Même si «la phase la plus aiguë de la crise financière semble dépassée (...) on ne peut absolument pas se relâcher ni du point de vue des politiques intérieures (...) ni du point de vue des politiques européennes», a souligné Mario Monti.

En ce qui concerne l’Italie, la situation d’»urgence» n’est pas finie, «le défi continue», a-t-il averti même si les taux d’emprunt du pays ont chuté depuis le début de l’année. «L’Europe a bien avancé sur la route de la montagne mais ne l’a pas encore franchie», a souligné pour sa part la chancelière, en notant que le monde observe l’Europe et qu’elle doit tenir les promesses faites.

Après l’adoption du nouveau traité renforçant la discipline budgétaire que Rome et Berlin veulent voir «rapidement ratifié», «il faut que l’Union européenne entre dans une phase dans laquelle elle prête une attention analogue aux politiques de croissance», a ajouté Mario Monti.

Il a jugé nécessaire pour cela la mise au point d’un cadre politique similaire au «fiscal compact», le pacte adopté par les pays européens en matière de discipline budgétaire.

«Il y aura d’autres montagnes à escalader»

«La crise a mis nos faiblesses devant nos yeux», a souligné Angela Merkel estimant elle aussi que l’Union européenne a «besoin d’emploi, de croissance, de compétitivité». La chancelière a souligné que la concurrence devient «de plus en plus forte» et que «l’Union européenne doit se défendre face aux pays émergents».

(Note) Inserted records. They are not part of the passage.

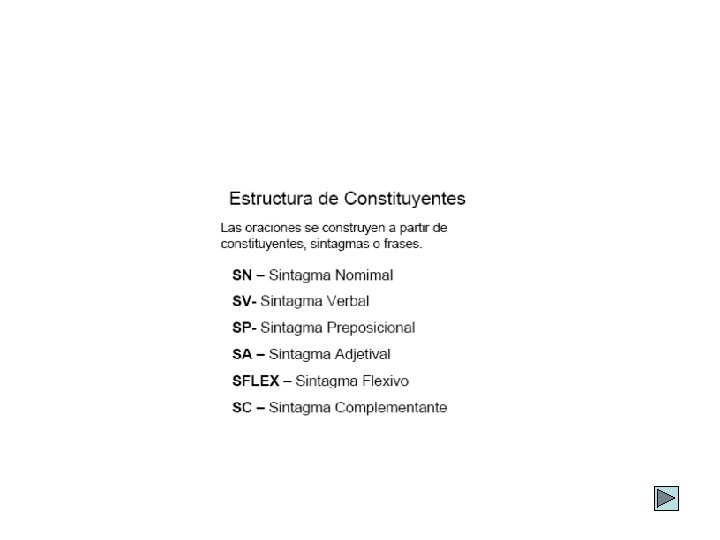 Características de una gramática correctamente construida • Adecuación externa las oraciones generadas deben concidir con los juicios de gramaticalidad de los hablantes • Adecuación de generalidad la gramática debe construirse de acuerdo con una teoría de la estructura lingüística (GU) los elementos son independientes de cualquier lengua particular • La teoría gramatical es necesariamente falseable y se desarrolla a partir de la revisión constante de sus postulados
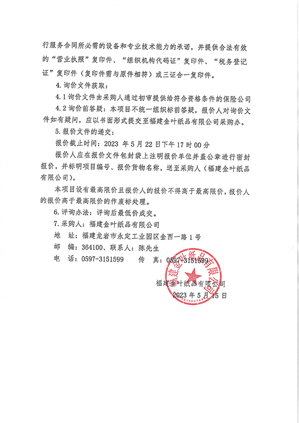 金葉紙品公司鍋爐水質(zhì)檢測(cè)服務(wù)項(xiàng)目詢價(jià)公告
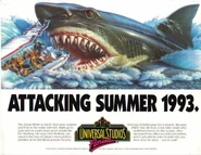 Jaws is a theme park attraction based upon the films of the same name. The attraction places guests aboard tour boats for what should be a leisurely tour of Amity Harbor, but instead becomes a harrowing chase between the craft and a very determined great white shark. Jaws is an expanded version of a famous scene on the long-running backlot tour at Universal Studios Hollywood, also inspired by the film, and can be found at Universal Studios Japan near Osaka, and formerly, at Universal Studios Florida in Orlando.
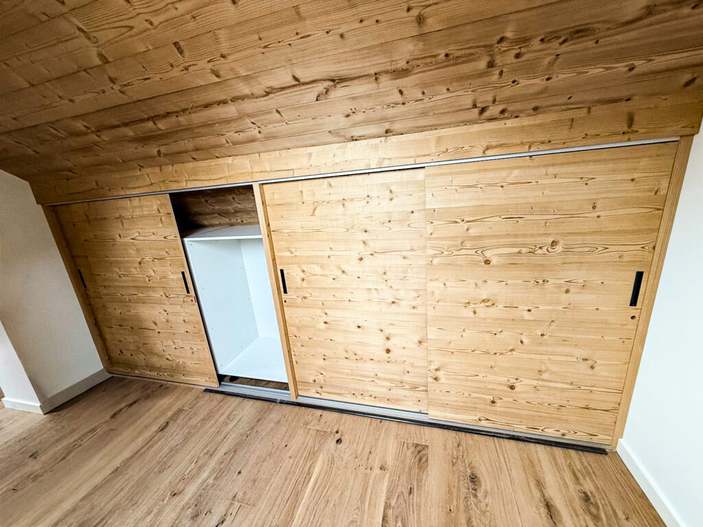 Dans une chambre mansardée, nous avons conçu un placard intégré sous pente. Le principal défi était de suivre la forme du toit, sans perdre de volume utile. Nous avons utilisé un épicéa vapo brossé, un bois haut de gamme, à la fois robuste et chaleureux. Sa texture naturelle et ses teintes douces s’intègrent parfaitement à l’ambiance montagne.
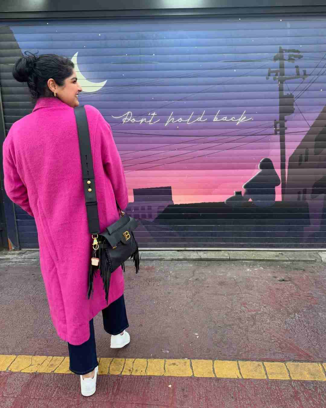 Another photo shows Anshula from the back, sporting a pink coat.
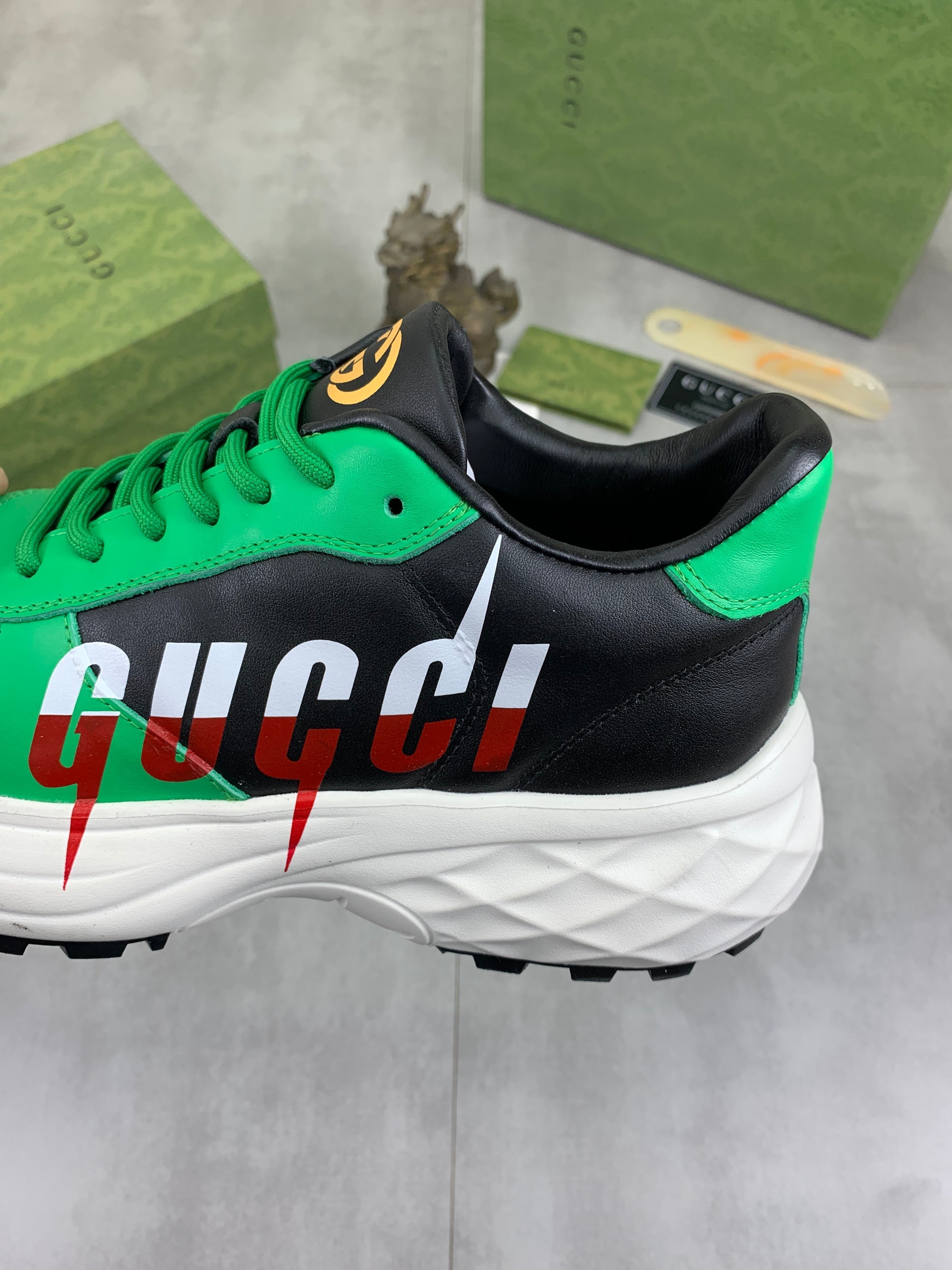 GG Men's Rhyton Sneaker Green White Calfskin 528952
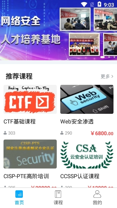 天创云课堂汇聚了多门实用的网络安全培训课程,更有多位行业大咖在线提供专业辅导,搭配多个实训平台支持在线实操练习。选择天创培训,我们将为您的网络安全学习之路全力助力!

Mario Monti a annoncé la tenue «l’été prochain d’un sommet italo- allemand» et Angela Merkel a précisé qu’il serait l’occasion de «préparer l’Europe de l’avenir», en mettant au point des instruments et en se fixant «des objectifs précis» pour «créer davantage d’emplois notamment pour les jeunes», pour favoriser l’innovation et la mobilité de l’emploi.

«Nous avons besoin de plus d’Europe et pas de moins d’Europe», a- t-elle dit, en appelant à «renforcer les institutions» et le marché intérieur, notamment dans le domaine de la compétitivité. Et tout cela sans lâcher de lest en matière budgétaire, ont souligné aussi bien Angela Merkel que Mario Monti.

Pour la chancelière, l’UE a beaucoup de pain sur la planche: «il y aura d’autres obstacles, d’autres montagnes à escalader dans les prochaines années et nous ne pouvons pas dire: ça y est, on est arrivés».

Interrogé sur la taxe sur les transactions financières, Mario Monti a assuré que Rome et Berlin étaient sur la même ligne.

Pour le président du Conseil italien, une telle taxe «peut être opportune dans cette phase historique» mais «pour être réaliste» et ne pas entraîner de «distorsions», elle doit être appliquée «au moins dans la zone euro ou dans l’ensemble de l’Union européenne».